*** Data for analysis ***

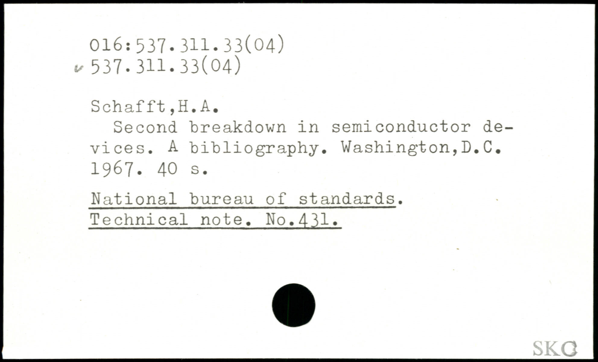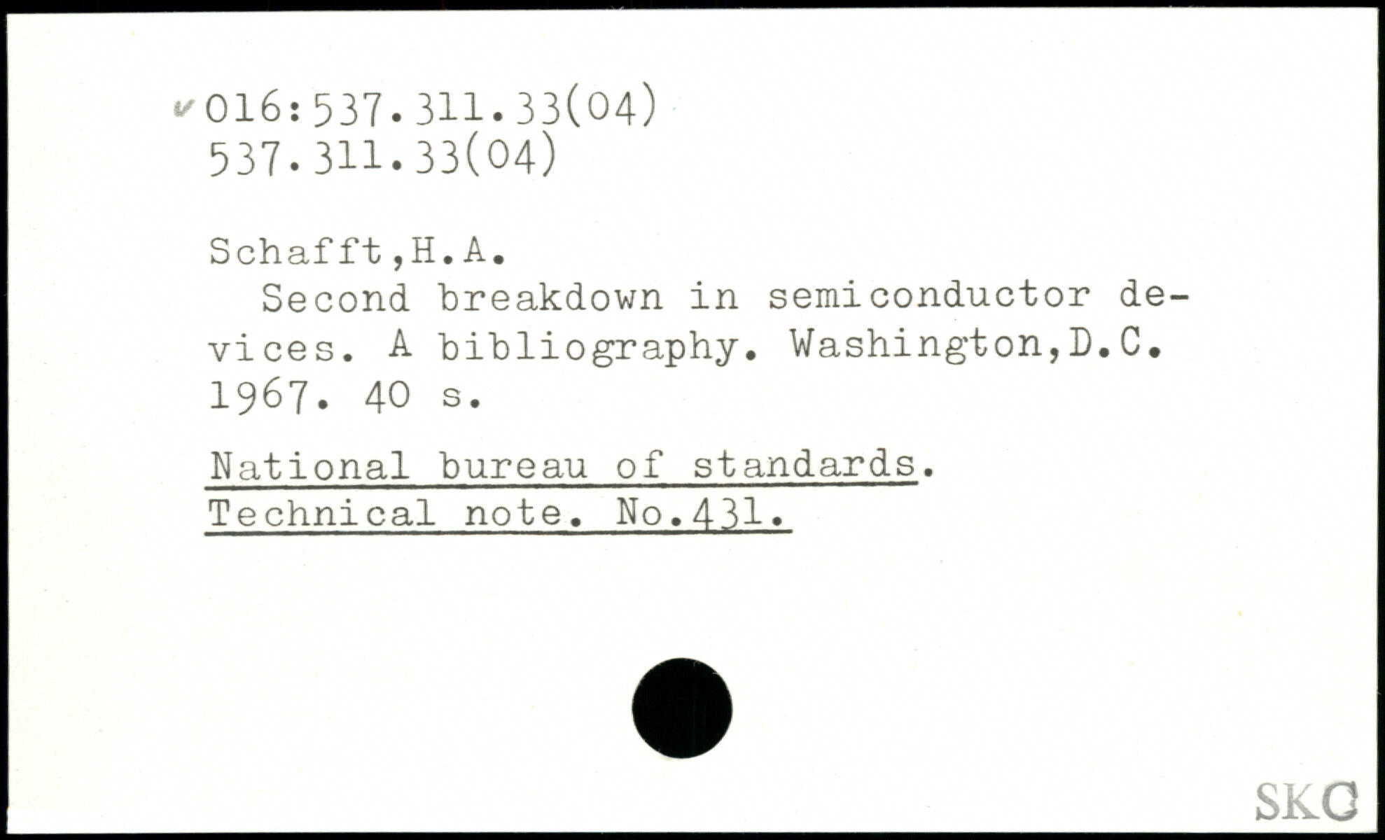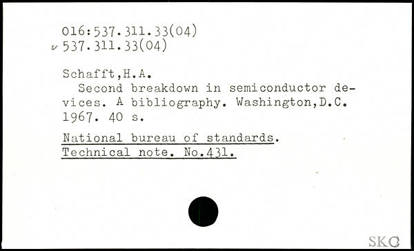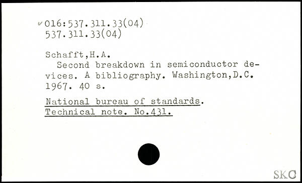 Second breakdown in semiconductor devices. A bibliography. Washington,D.C. 1967.
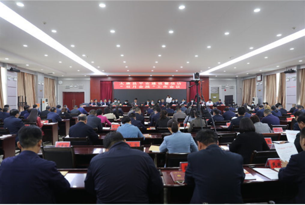 会议以视频形式召开,县处级领导干部,各乡镇党委书记,各部委办常务副职、县直及驻太单位主要负责同志,政法委全体人员及法、检、公、司全体班子成员在主会场参加会议;各乡镇设分会场,各乡镇全体班子成员,法庭庭长、派出所所长、司法所所长,乡(镇)直机关负责人,行政村党支部书记在分会场参加会议。
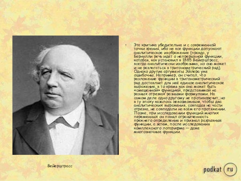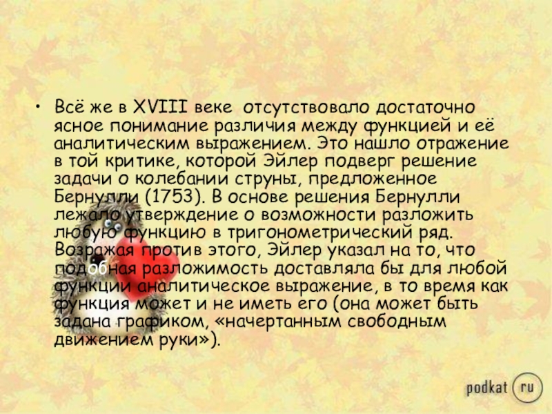 функции допускают аналитическое изображение (правда, у Бернулли речь идёт о непрерывной функции, которая, как установил в 1885 Вейерштрасс, всегда аналитически изобразима, но она может и не разлагаться в тригонометрический ряд). Однако другие аргументы Эйлера уже ошибочны. Например, он считал, что разложение функции в тригонометрический ряд доставляет для неё единое аналитическое выражение, в то время как она может быть «смешанной» функцией, представимой на разных отрезках разными формулами. На самом деле одно другому не противоречит, но в ту эпоху казалось невозможным, чтобы два аналитических выражения, совпадая на части отрезка, не совпадали на всём его протяжении. Позже, при исследовании функций многих переменных он понял ограниченность прежнего определения и признал разрывные функции, а затем, после исследования комплексного логарифма — даже многозначные функции.
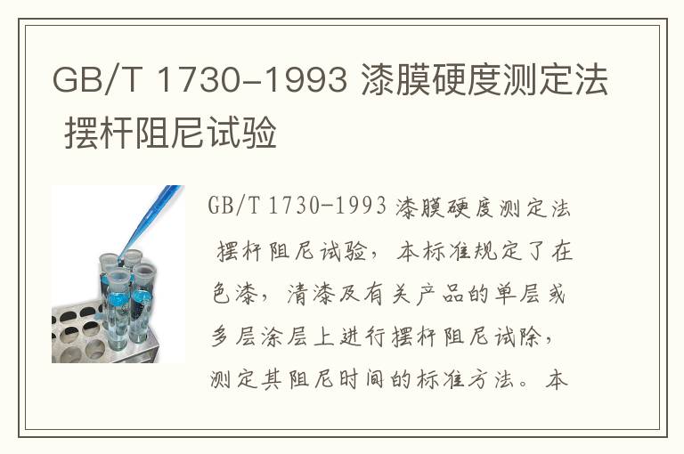 關(guān)鍵詞:GB/T 1730-1993 漆膜硬度測(cè)定法 擺桿阻尼試驗(yàn)
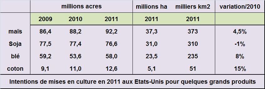Pour illustrer cette adaptation du monde agricole aux demandes du marché il est intéressant de se pencher sur les intentions de mises en cultures et leurs surfaces en 2011 aux États-Unis publiées par l’USDA (TAB.).
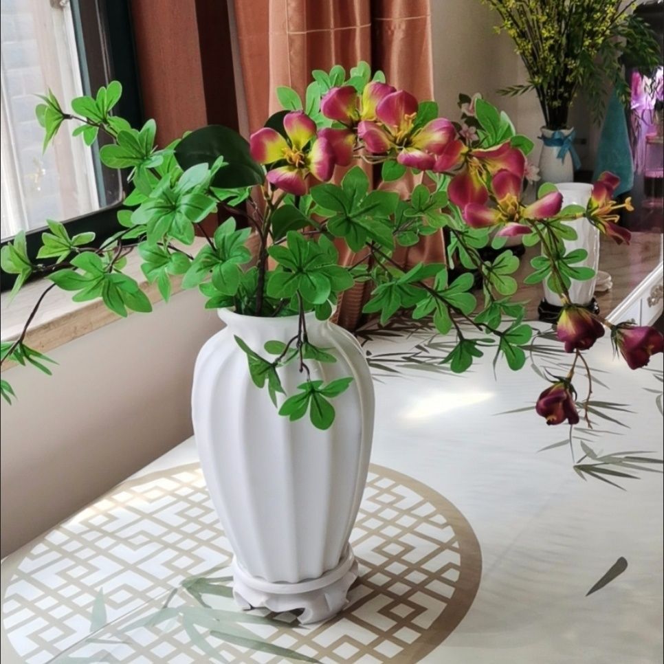 원래 제조업체 축제 꽃병 새로운 중국 스타일 새해 장식 장식품 시뮬레이션 꽃 흰색 플라스틱 꽃병은 물을 저장할 수 있습니다
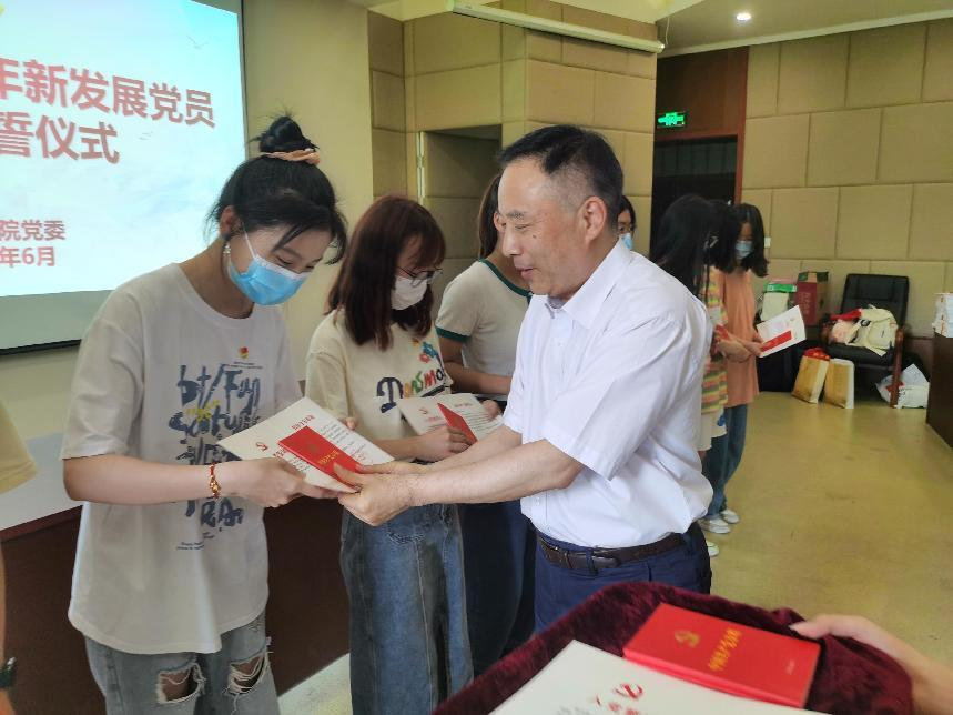 全体党员面向党旗,在蔡国金书记的带领下庄严宣誓,铿锵的誓言表达了自己对党和国家的热爱,并甘愿为共产主义事业奉献终身。随后,蔡国金书记给每一位新发展党员赠送了政治生日贺卡和《中国共产党章程》。
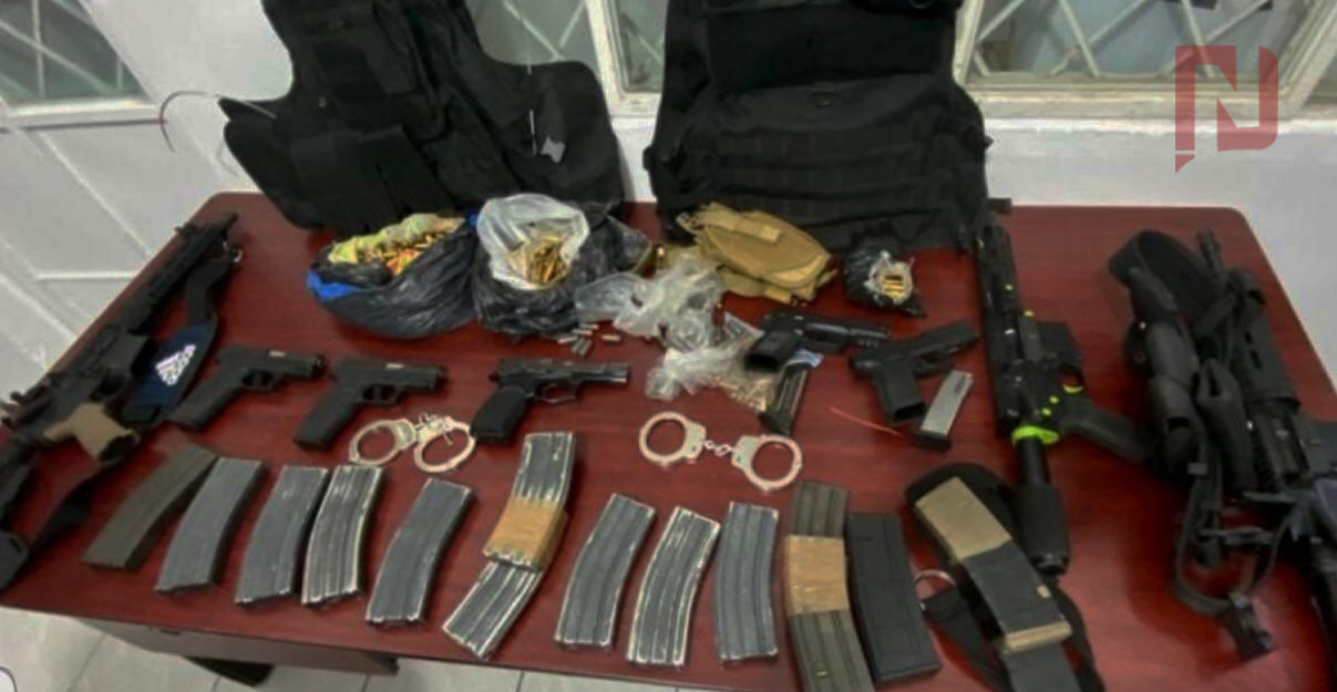 Al momento de solicitarles la documentación que los acreditara como elementos activos, no lo hicieron, por lo que aseguraron ocho armas de fuego de distintos calibres; además, en el vehículo, les encontraron una fornitura de lona color negra, 748 cartuchos, dos juegos de candados de mano con sus respectivas llaves, una piernera color verde y dos paquetes en forma cuadrada confeccionados con cinta canela, que contenían en su interior hierba verde y seca, con las características de la marihuana.
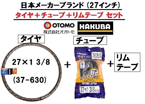 > 大分県 日本メーカーブランド 27インチタイヤ+チューブ+リムテープ セット!27×1 3/8(37-630) OTOMO HAKUBA オオトモ 肉厚
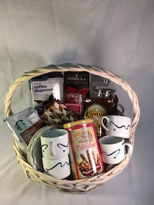 Delight in your Saturday mornings with this French Press and all the fixings for great coffee, including cool black and white coffee cups and saucers, inlaid wood coasters, 2 bags of ground coffee, coffee storage bin, peppermint spoons, biscotti and piroulines.
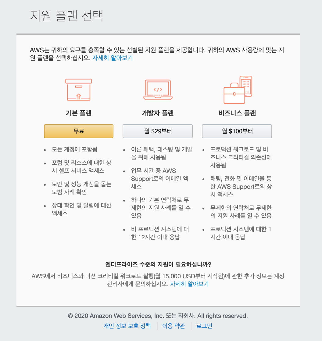 5) 지원 플랜 선택에서 기본 플랜(무료) 선택
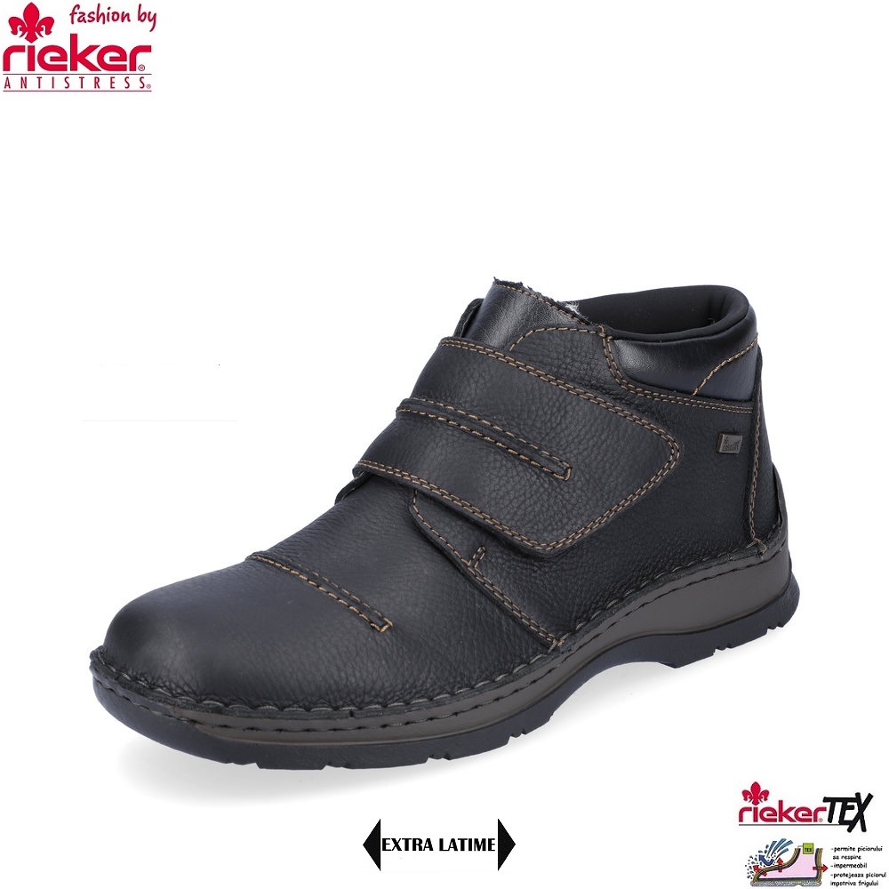 Ghete pentru barbati marca Rieker cu EXTRA LATIME din piele naturala,cu talpa flexibila,captuseala naturala de oaie si membrana TEX.
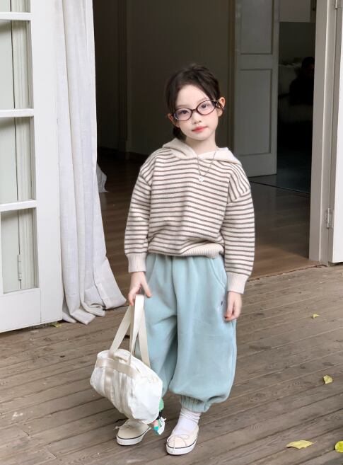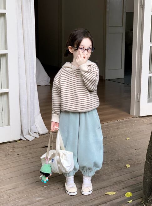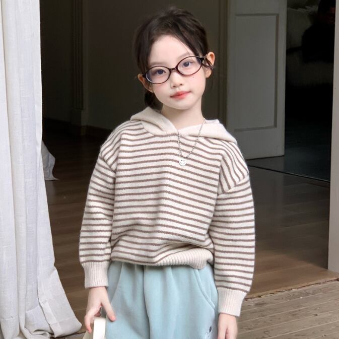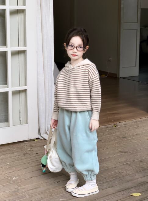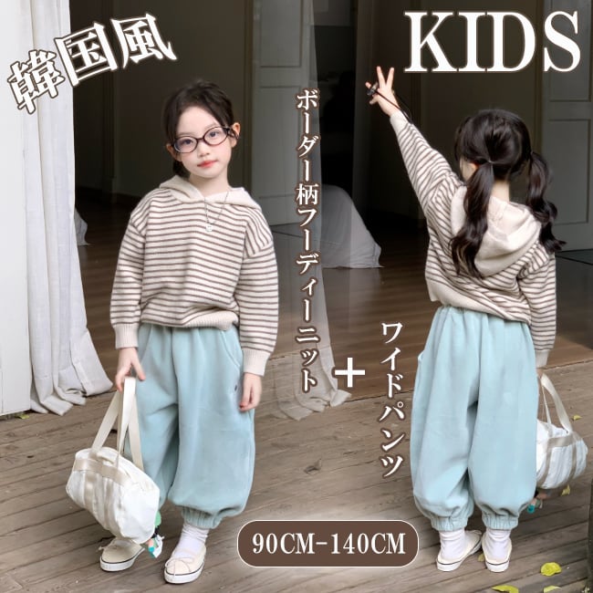 【海外からの取り寄せ】 新作 韓国子供服 キッズ ボーダー柄フーディーニット ワイドパンツ フード付き 女の子 #[kids901_24800]【送料込み】【251128】
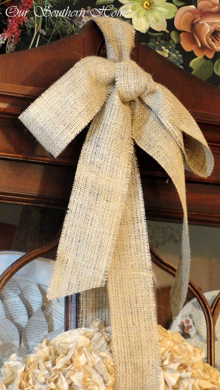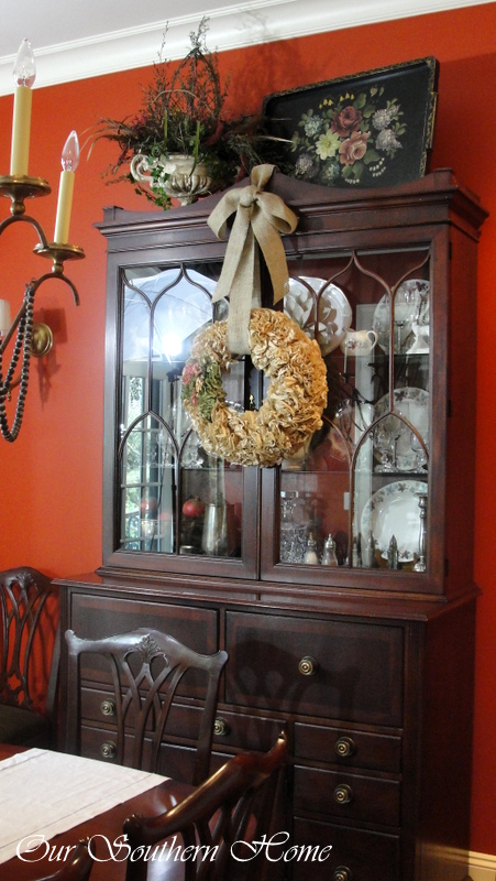 I love Command hooks. They do not damage surfaces and are great for hanging seasonal decor. I hung it upside down on the back of the china cabinet pediment. Then I made a burlap bow for hanging.

***

— Task details —
Copy the listing above exactly, but only from the line with "關(guān)鍵詞:GB/T 1730-1993 漆膜硬度測(cè)定法" through the line with "全体党员面向党旗,在蔡国金书", including those two lines and excluding any picture.

— Problem solution —
 關(guān)鍵詞:GB/T 1730-1993 漆膜硬度測(cè)定法 擺桿阻尼試驗(yàn)
Pour illustrer cette adaptation du monde agricole aux demandes du marché il est intéressant de se pencher sur les intentions de mises en cultures et leurs surfaces en 2011 aux États-Unis publiées par l’USDA (TAB.).
 원래 제조업체 축제 꽃병 새로운 중국 스타일 새해 장식 장식품 시뮬레이션 꽃 흰색 플라스틱 꽃병은 물을 저장할 수 있습니다
 全体党员面向党旗,在蔡国金书记的带领下庄严宣誓,铿锵的誓言表达了自己对党和国家的热爱,并甘愿为共产主义事业奉献终身。随后,蔡国金书记给每一位新发展党员赠送了政治生日贺卡和《中国共产党章程》。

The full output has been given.